In this paper, rollover accidents, which represent the biggest radiation effects in the handling of concrete casks, were selected as accident conditions. It is assumed that a rollover occurs at the center of the 2×10 array in the process of transferring the cask to the storage pad.
Radioactive safety is assessed by determining whether the dose rate has exceeded 50 mSv for 30 days within the controlled area boundary (Fig. 6).
3.Result and discussion
The calculated cask surface dose rate for a single concrete cask at the air inflow entrance was 0.493 mSv·h-1, the largest value among all the parts. The side of the cask is divided into upper, middle, lower (Fig. 2, Points 4, 3, 2). The calculated dose rate for each point was 0.0777, 0.0529, and 0.0662 mSv·h-1, respectively. However, the dose rate from the top and bottom parts of the storage cask is largely influenced by radiated gamma rays coming from structural materials of the top and bottom of the fuel assembly. Gamma rays occurring from the active fuel region contribute 80% to the dose rate of the middle part of the cask (Fig. 7). The dose rate from the top cover of the concrete cask at the middle and the absence of the concrete part was respectively 0.0377 mSv·h-1 and 0.0384 mSv·h-1 (Table 5).

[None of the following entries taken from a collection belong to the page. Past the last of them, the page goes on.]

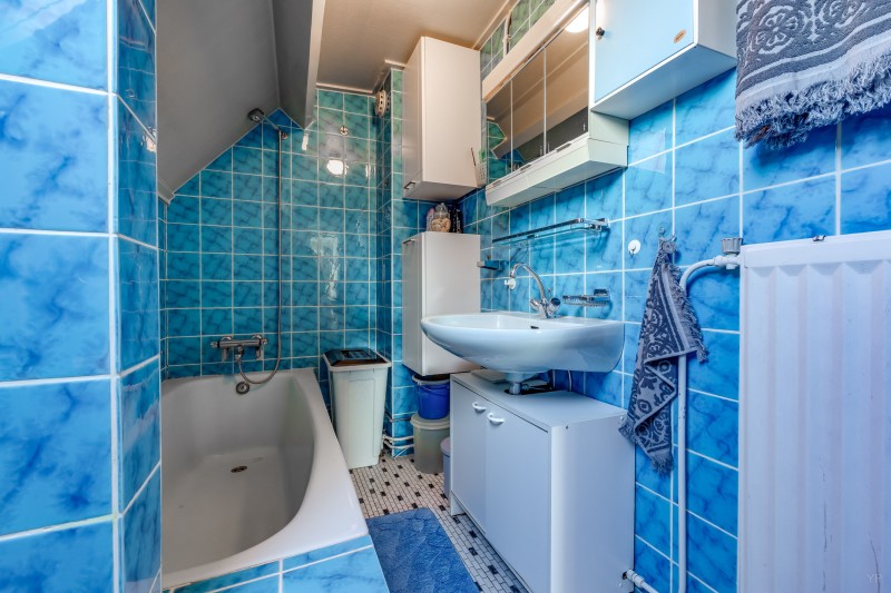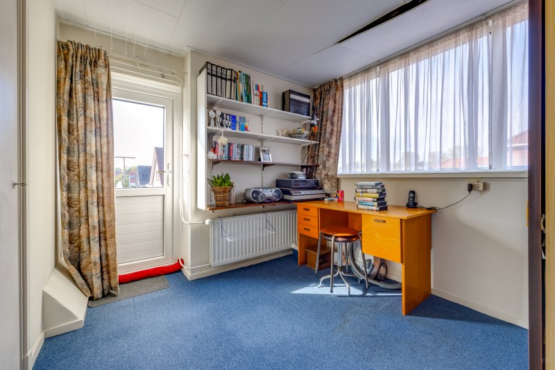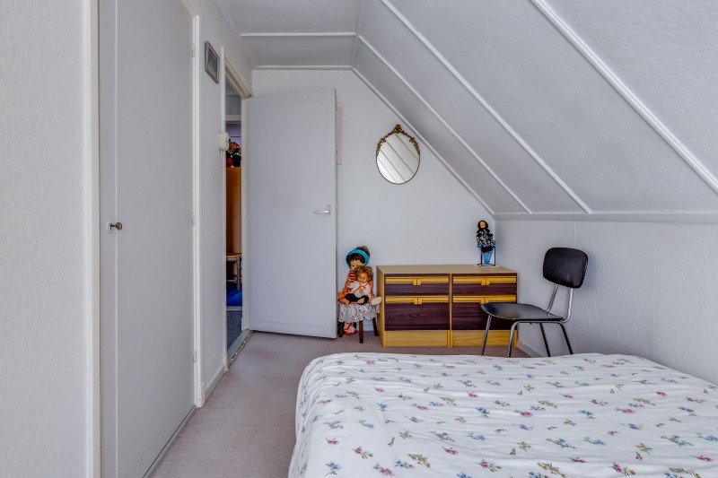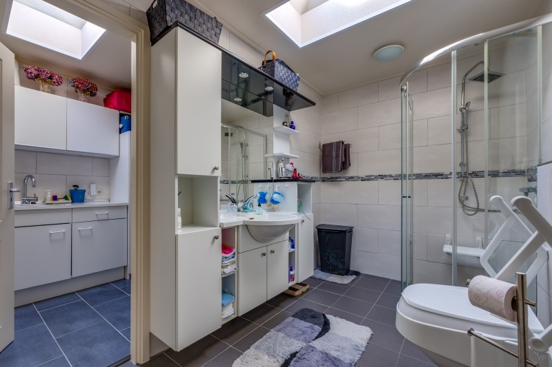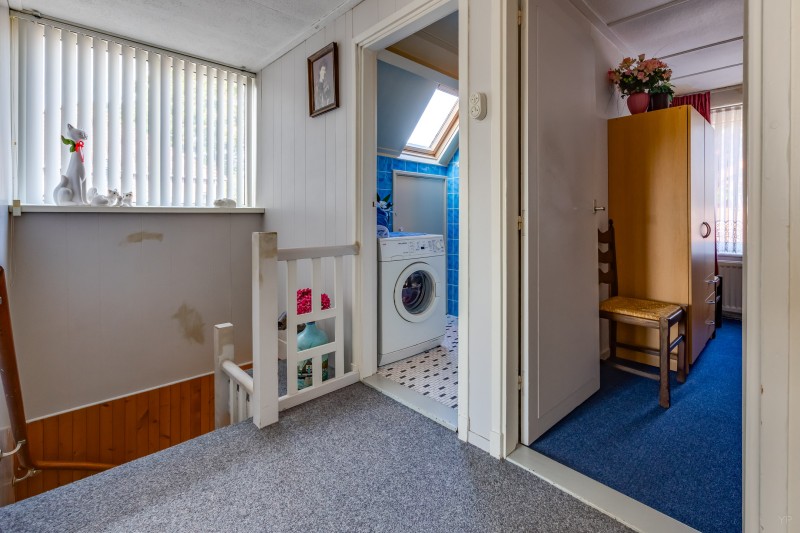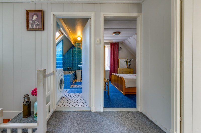 Overloop met dakkapel; 3 slaapkamers allen v.v. vaste kasten en 1 met dakkapel en deur naar plat dak; 2e badkamer met ligbad en vaste wastafel.
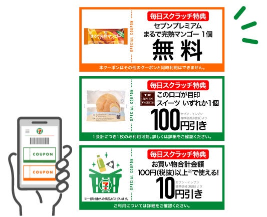 期間中、1日1回、アプリを起動することで参加でき、抽選で人気のアイス「セブンプレミアム まるで完熟マンゴー」1個無料クーポンや対象のスイーツ100円引きクーポン、お買い物10円引きクーポンが当たります。セブン‐イレブン人気商品のクーポンが当たるキャンペーンとなっており、毎日“ワクワク”“ドキドキ”の体験をお届けします。
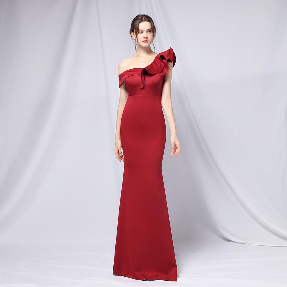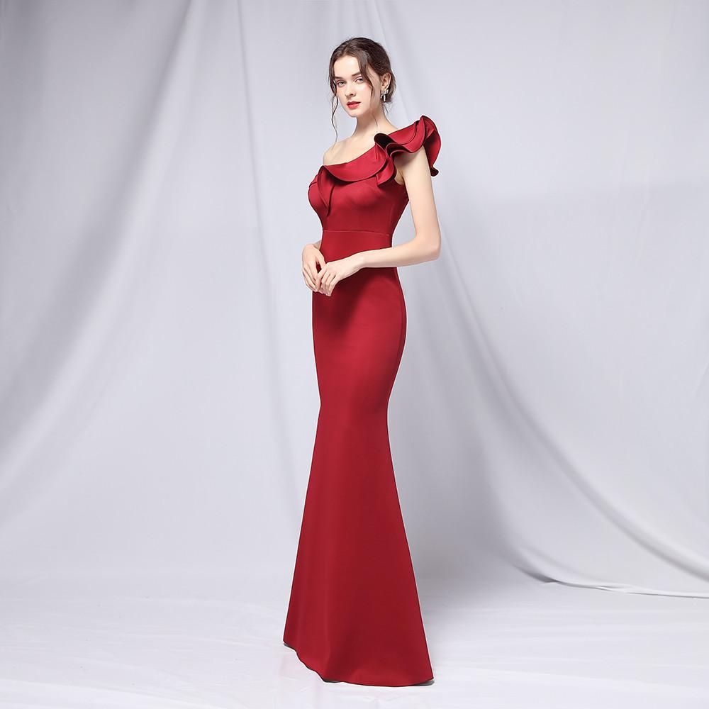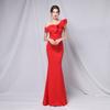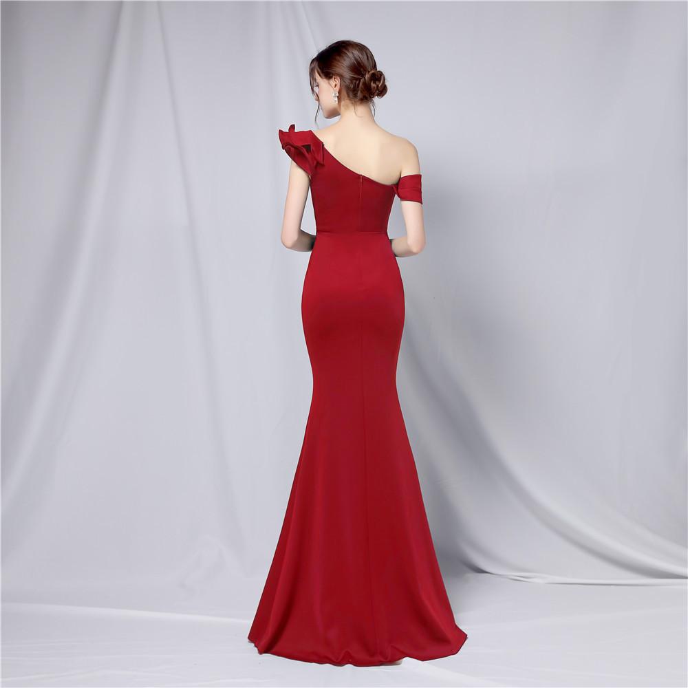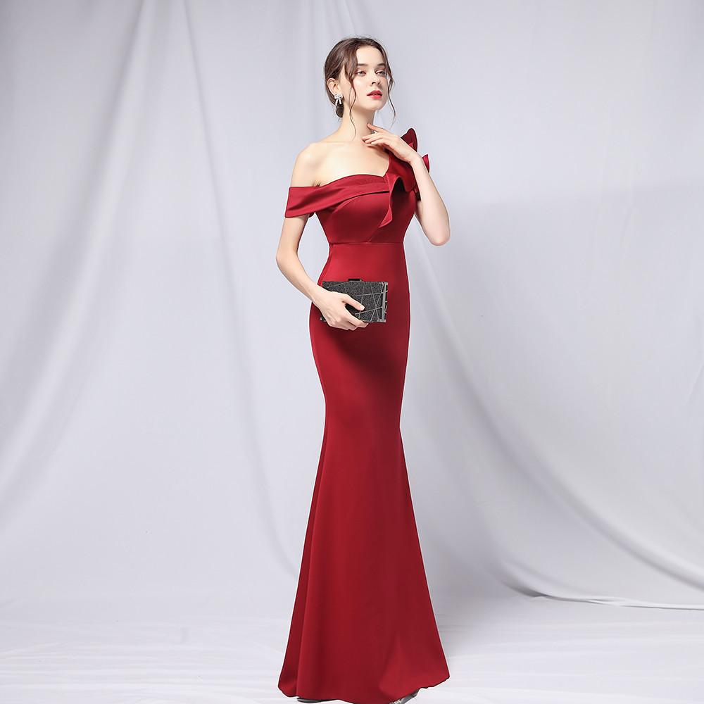 Vestido de brindis para novia con hombros descubiertos 2021 nuevo moda coreana largo sexy cola de pez vestido de noche mujeres rojo ajustado
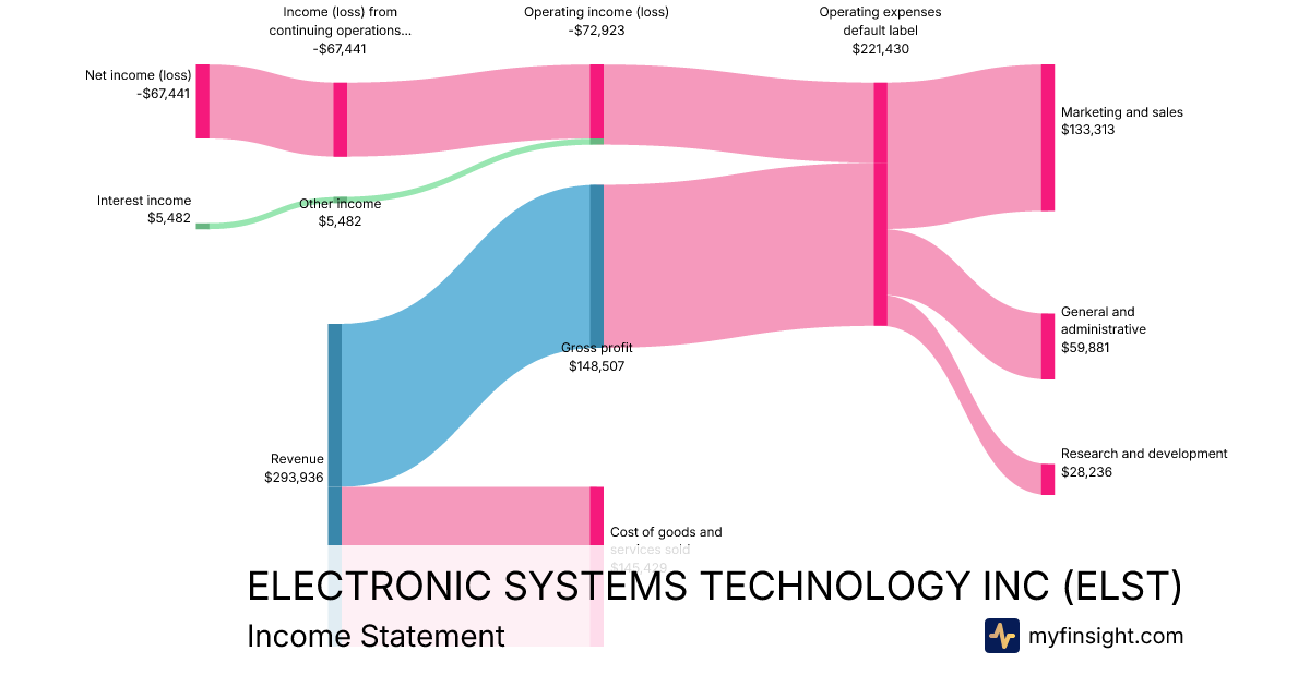 For the quarter ending 2024-09-30, ELST made $293,936 in revenue. -$67,441 in net income. Net profit margin of -22.94%.
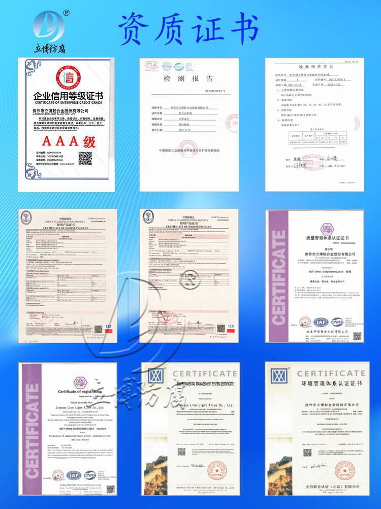 陽極自溶性小,電流效率高,陽極發(fā)生電流的自調(diào)節(jié)性能好;保護(hù)年限較長,可達(dá)20~30年,一般不會發(fā)生“過保護(hù)”現(xiàn)象。鋅合金犧牲陽極適用于海水、淡海水介質(zhì)中的船舶、壓載水艙、機(jī)械設(shè)備、海洋工程和海港設(shè)施、鉆井平臺、港口碼頭、海水介質(zhì)的冷凝器、水泵以及低電阻率土壤中的管道、電纜等設(shè)施金屬防腐蝕的陰極保護(hù)。 ![]() |
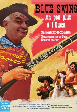 Infos : salle culturelle de Dour, rue du marché 1 à Dour, 0472/46 40 42, info@centrecultureldour.be, https://centrecultureldour.be/programme/blue-swing-2025/

When evaluating the concrete cask in a 2×10 arranged condition, the distance between each cask was assumed as 1.2 m. Considering the case analysis of a foreign spent fuel storage facility and the facility operation aspects, a distance between the casks of 1.2 m was applied [6].
To consider the sky-shine effect, the air boundary was taken into consideration. Twenty casks were arranged and the dose rate was calculated from the middle of the casks to the controlled area boundary. Evaluation results show that the appropriate distance to the annual dose rate of 0.25 mSv for ordinary citizens is approximately 230 m. Fig. 8 shows the dose rate by the controlled area boundary distance under the single or arranged casks conditions.
For a 2×10 arrangement within storage facilities, rollover accidents are assumed to have occurred during the transfer of one additional storage cask, with the bottom of the cask facing the controlled area boundary. Dose rates were calculated for accidents occurring in the same location with the minimum separation distance of 100 m under 10CFR72 and 230 m, which was derived from shielding analysis. Dose rates of 12.81 and 1.28 mSv were calculated at 100 m and 230 m, respectively, from the outermost cask in the 2×10 arrangement, and the results are shown in Table 6.
Source specifications of a concrete cask for spent nuclear fuel must not surpass the limit of the predesigned standard fuel amount. The actual value of the annual radiation dose rate must be smaller than 0.25 mSv within 230 m of the controlled area boundary. The radiation dose result for design basis accidents was determined to be about 25.6% of the individual dose limit of 50 mSv at the control zone boundary.
4.Conclusion
The radiation shielding analysis results of a concrete cask comply with U.S. 10CFR72 and NUREG-1536 revealed that the radiation dose rate satisfies the dose rate limit in an arrangement of 2×10 casks and an accident condition. This study, for the first time in Korea, provides evaluation methodology and results for normal and design basis accidents in dry conditions of the spent fuel storage cask. And, it will be helpful to assist in making a 'Safety Analysis Report' in accordance with the recently announced NSSC Notice No.2015-20. Korea does not yet have clear plans and information on dry storage of PWR nuclear fuel. Therefore, this study performed only a shielding analysis for limited conditions with information on nuclear fuel and casks. So it would be difficult to apply this result directly to the domestic situation (e.g., a dry storage facility construction plan) which has not yet been confirmed. As further shielding analysis of various dry storage conditions progresses, the analysis methodology can be validated. In particular, if more precise environmental conditions are presented in the 'Accident Evaluation' described in the cask's 'Safety Analysis Report', the shielding analysis method and the results of this study will be of value. Thus, in the future, the results of this study will be useful for the design and operation of on-site storage facilities or intermediate storage facilities based on a spent fuel management strategy.